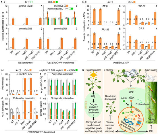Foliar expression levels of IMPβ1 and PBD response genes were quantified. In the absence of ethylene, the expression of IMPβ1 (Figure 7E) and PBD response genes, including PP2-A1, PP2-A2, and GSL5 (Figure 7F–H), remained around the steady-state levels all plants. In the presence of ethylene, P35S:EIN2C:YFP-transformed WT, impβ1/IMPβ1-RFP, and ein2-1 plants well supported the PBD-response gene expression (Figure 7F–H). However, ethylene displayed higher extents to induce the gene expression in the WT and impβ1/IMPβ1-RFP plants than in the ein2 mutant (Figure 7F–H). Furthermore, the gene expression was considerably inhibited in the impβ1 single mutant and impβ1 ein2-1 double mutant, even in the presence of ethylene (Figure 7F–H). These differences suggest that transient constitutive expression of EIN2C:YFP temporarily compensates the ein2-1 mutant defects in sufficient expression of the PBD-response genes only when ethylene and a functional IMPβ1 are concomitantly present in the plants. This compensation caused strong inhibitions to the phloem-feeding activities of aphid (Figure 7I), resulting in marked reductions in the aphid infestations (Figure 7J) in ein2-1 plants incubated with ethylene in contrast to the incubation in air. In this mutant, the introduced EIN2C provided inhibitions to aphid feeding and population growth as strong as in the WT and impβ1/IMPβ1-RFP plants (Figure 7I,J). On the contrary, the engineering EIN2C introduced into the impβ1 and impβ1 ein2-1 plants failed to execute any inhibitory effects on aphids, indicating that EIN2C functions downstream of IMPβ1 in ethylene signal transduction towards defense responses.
==========
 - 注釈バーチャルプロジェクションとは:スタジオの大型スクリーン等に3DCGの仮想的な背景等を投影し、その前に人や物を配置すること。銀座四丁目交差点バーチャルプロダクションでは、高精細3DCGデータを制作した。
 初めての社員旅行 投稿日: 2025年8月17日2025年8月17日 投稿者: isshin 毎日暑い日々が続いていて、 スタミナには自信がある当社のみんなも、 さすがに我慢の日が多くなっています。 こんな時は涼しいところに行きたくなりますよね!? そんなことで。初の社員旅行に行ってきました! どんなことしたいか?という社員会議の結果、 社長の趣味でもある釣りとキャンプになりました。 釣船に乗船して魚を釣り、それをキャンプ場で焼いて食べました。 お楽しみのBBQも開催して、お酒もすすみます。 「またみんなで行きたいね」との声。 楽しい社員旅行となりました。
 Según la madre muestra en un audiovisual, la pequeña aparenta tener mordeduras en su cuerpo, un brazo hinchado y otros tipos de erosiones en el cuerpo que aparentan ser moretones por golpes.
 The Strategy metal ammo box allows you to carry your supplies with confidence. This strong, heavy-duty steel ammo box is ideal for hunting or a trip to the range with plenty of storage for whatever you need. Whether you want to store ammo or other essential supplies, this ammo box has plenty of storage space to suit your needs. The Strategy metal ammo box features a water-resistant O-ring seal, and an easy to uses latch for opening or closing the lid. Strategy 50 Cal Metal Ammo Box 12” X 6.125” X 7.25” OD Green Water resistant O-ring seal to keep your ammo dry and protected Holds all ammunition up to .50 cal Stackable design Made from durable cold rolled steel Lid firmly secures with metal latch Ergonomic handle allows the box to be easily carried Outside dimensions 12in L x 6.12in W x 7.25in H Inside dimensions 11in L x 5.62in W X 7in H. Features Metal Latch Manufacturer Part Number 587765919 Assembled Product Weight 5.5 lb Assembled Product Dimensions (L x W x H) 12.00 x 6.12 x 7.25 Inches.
==========
■ WORK ITEM: Would you quote everything above from the line containing "- 注釈バーチャルプロジェク" down to the line containing "Según la madre"? Include both of those lines and nothing else.

■ RESPONSE BOX:
 - 注釈バーチャルプロジェクションとは:スタジオの大型スクリーン等に3DCGの仮想的な背景等を投影し、その前に人や物を配置すること。銀座四丁目交差点バーチャルプロダクションでは、高精細3DCGデータを制作した。
 初めての社員旅行 投稿日: 2025年8月17日2025年8月17日 投稿者: isshin 毎日暑い日々が続いていて、 スタミナには自信がある当社のみんなも、 さすがに我慢の日が多くなっています。 こんな時は涼しいところに行きたくなりますよね!? そんなことで。初の社員旅行に行ってきました! どんなことしたいか?という社員会議の結果、 社長の趣味でもある釣りとキャンプになりました。 釣船に乗船して魚を釣り、それをキャンプ場で焼いて食べました。 お楽しみのBBQも開催して、お酒もすすみます。 「またみんなで行きたいね」との声。 楽しい社員旅行となりました。
 Según la madre muestra en un audiovisual, la pequeña aparenta tener mordeduras en su cuerpo, un brazo hinchado y otros tipos de erosiones en el cuerpo que aparentan ser moretones por golpes.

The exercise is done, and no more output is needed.